Desisto da música, me convenço que o melhor mesmo é aderir aos modismos e comprar um Mp não sei das quantas. Gravo as músicas que gosto e pronto, os outros que se danem; um senhor ao lado lê um jornal, daqueles pequenos, de 0,50 centavos. Na primeira página, morte por assassinato. Na segunda, morte por suicídio. Na terceira, descobertas de mais corrupção na política – oh! e na ultima, fofoca sobre a vida dos outros. Me pergunto se não se preocupam com uma página para cultura, mas lembro que só colocam o que vende, e cultura não é interessante.
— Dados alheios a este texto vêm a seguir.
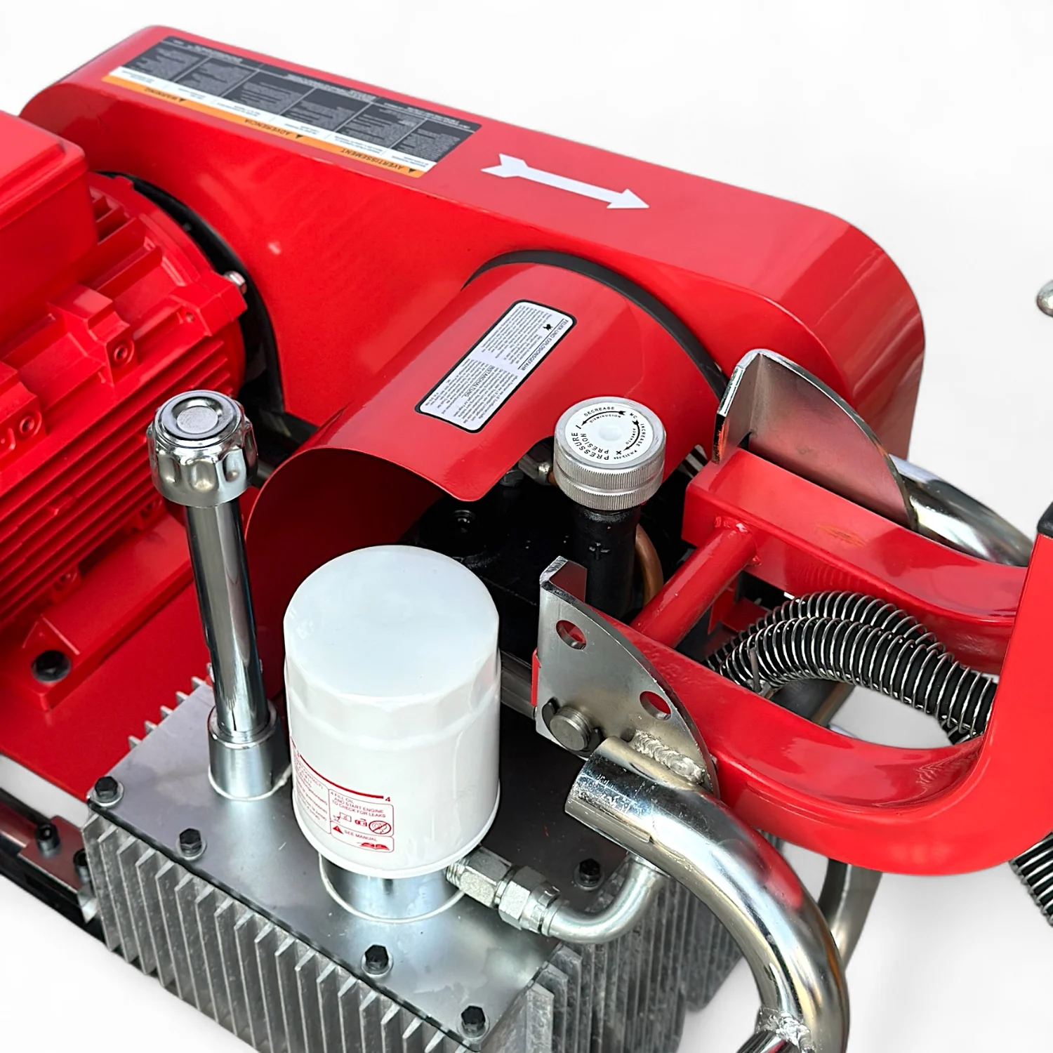 В отличие от обычных поршневых аппаратов, где привод активируется только при нажатии на курок, гидросистема работает непрерывно, что приводит к нагреву масла. Чтобы избежать перегрева, в конструкции использован ременный привод масляного насоса , который снижает скорость движения поршня, уменьшая трение и нагрев.
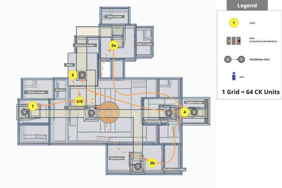 Players take on the role of a Constellation investigator, uncovering the truth behind the sudden death of a chief scientist, Roo. By exploring nonlinear pathways, interviewing suspects, and examining evidence, players gradually reconstruct the timeline of events and identify the killer.
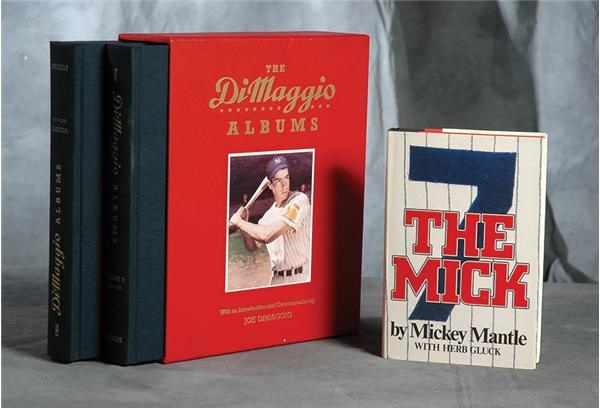 Three books signed by two of the most renowned players of the New York Yankees. First: "The Mick", Mickey Mantle's autobiography that he wrote with Herb Gluck. The item is near mint with dust jacket and is signed "Best Wishes, Mickey Mantle" inside. Second: The two volume set of "The DiMaggio Albums," a collection of photos of and news clippings about The Yankee Clipper. Both books are held in a red slip case and are in Near Mint condition. DiMaggio autographed Volume 1 on the inside flap in black sharpie.
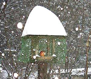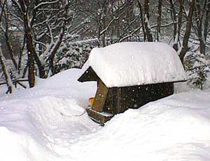 雪がてんこ盛りになった小鳥用のエサ台(写真)には一日中、シジュウカラ、ヒガラ、ヤマガラがヒマワリの種を食べにやってきます。雪が積もると山に食べ物がなくなるのか、とくにたくさんやってきます。
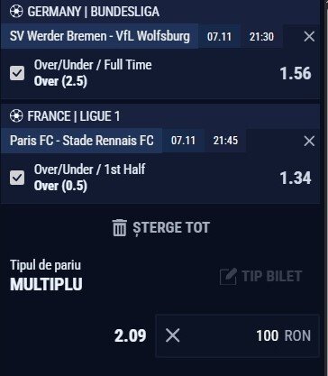Expertul Legalbet, vă recomandă Cota 2 de vineri, 7 noiembrie, aceasta fiind alcătuită din meciurile Bremen – Wolfsburg şi Paris FC - Rennes. Puteţi paria pe aceste partide la casele de pariuri online licenţiate din România.
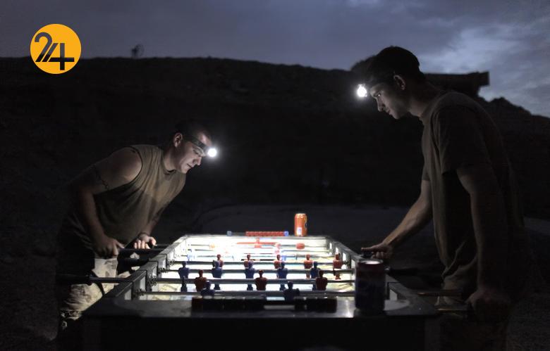 آگوست 2009 سربازان ارتش آمریکا در ولایت قندهار درحال بازی فوتبال دستی در حالیکه در پست نظامی خود در ولایت قندهار کشیک می‌دهند
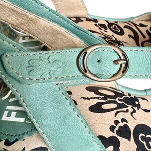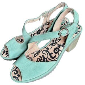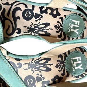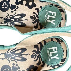 FLY LONDON Willow Nubuck Suede Heeled Sandals - Sea Green - EU 39 (8.5)
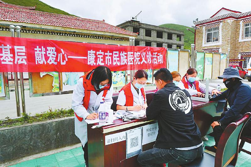 都江堰市第六批對口支援工作隊隊員、掛職康定市民族醫(yī)院副院長的田梅等醫(yī)生在新都橋鎮(zhèn)開展義診活動。
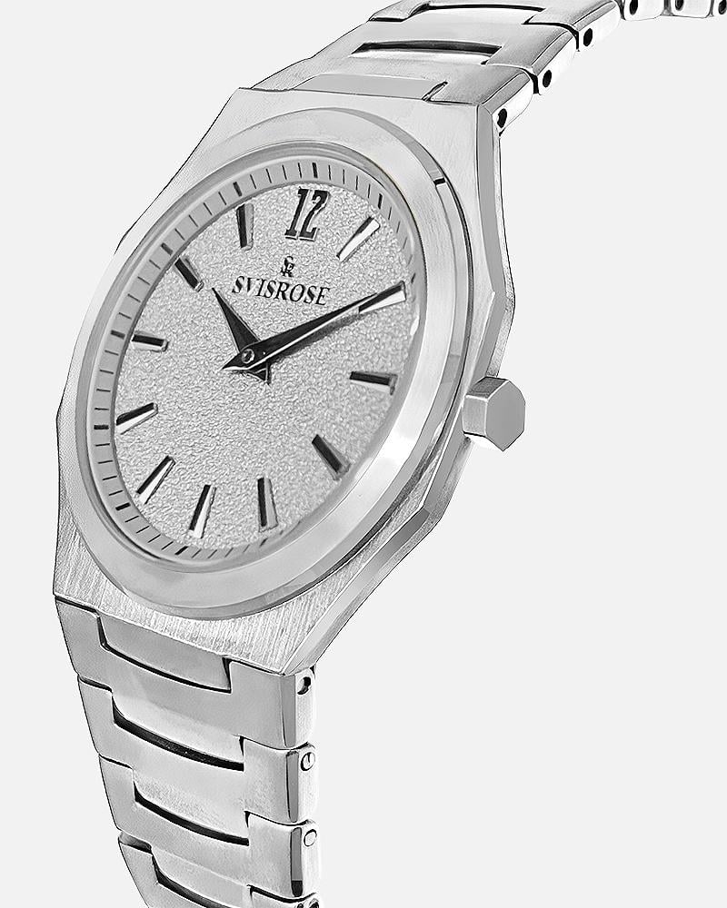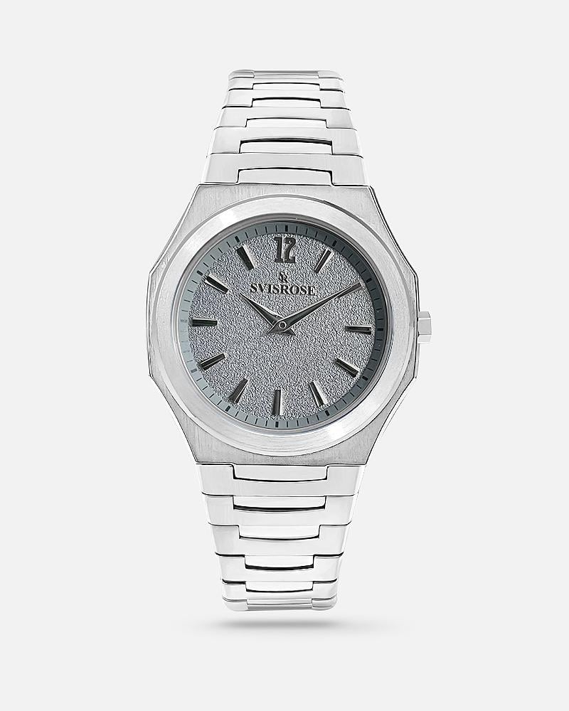 تُعد هذه الساعة الرجالية من "سفيسروز" خيارًا مثاليًا للرجل العصري الذي يبحث عن الأناقة والعملية في آنٍ واحد. تأتي بهيكل مصنوع من خليط الزنك المتين، وسير من الستانلس ستيل بلون فضي أنيق، مع مينا رمادية تضيف لمسة هادئة وفاخرة. تصميمها المتوازن يناسب جميع المناسبات، سواء اليومية أو الرسمية.

O sofrimento é interessante por que é muito mais acessível. É sério. Algumas pessoas vivem mais de 50 anos e admitem nunca ter sido felizes ‘de verdade’ enquanto a grande maioria com menos de 30, com certeza já experimentou mais de um tipo de sofrimento. E tanto interesse não vem da solidariedade. Vem da satisfação. Muitos dizem que se solidarizam com a dor alheia, mas no fundo o que todos querem e dizer para si mesmos que tem gente em pior situação. Esse é o bicho homem!
Desisto das coisas ao redor e tento me lembrar de algum momento engraçado. Preciso fugir daquele ônibus lotado e como fisicamente é impossível, me permito lembrar. Busco um momento bom, um momento muito bom, e mesmo revirando minhas lembranças, nada me vem à mente. Começo a sentir–me vazia, um oco.
Todo dia o mesmo trajeto. Trabalho, casa, casa, trabalho. Minhas amigas, sempre ocupadas, nunca têm tempo para nada. Meus colegas de trabalho são pessoas sem noção e não me passa pela cabeça conviver nem um minuto a mais com eles do que as obrigatórias 8 horas diárias, mais do que isso e a sem noção seria eu.
Vida medíocre, insossa e sem graça. Vida fútil, sem aspirações de mudança ou crescimento, sem cor, sem beleza. É a palavra vida, sem expressão nenhuma do que deveria ser de fato, vida!
Lembro do menino, percebo que temos algo em comum. Também estou aprisionada, ainda que do lado de fora da cela. E talvez essa seja a pior prisão. Lembro que os únicos momentos felizes que tive foram em minha distante infância, mas esses não valem. Quero um momento atual, algo forte, que eu possa sorrir sozinha só de lembrar – um passeio, uma aventura, um filme ou um livro – mas não há nada. Tenho vontade de chorar, de ligar para alguém – de alguém me ligar para saber como estou. Sei que isso não acontecerá. Procuro me distrair e me recompor deste momento de fraqueza.
Sinto receio das horas que correm e raiva do ônibus que mal anda. Não quero mais pensar em mim. Nem em ninguém. Percebo que pensar faz mal, quando nossos pensamentos não estão de bom humor. Quando finalmente consigo chegar ao trabalho, naturalmente atrasada, as inúmeras tarefas a serem feitas me consolam. É bom ocupar a cabeça, ao menos assim não penso besteiras.
De longe alguém me dá bom dia, não sinto vontade de retribuir. Um senso de chateação cai sobre mim, nada mais importa. Já comecei mal o dia.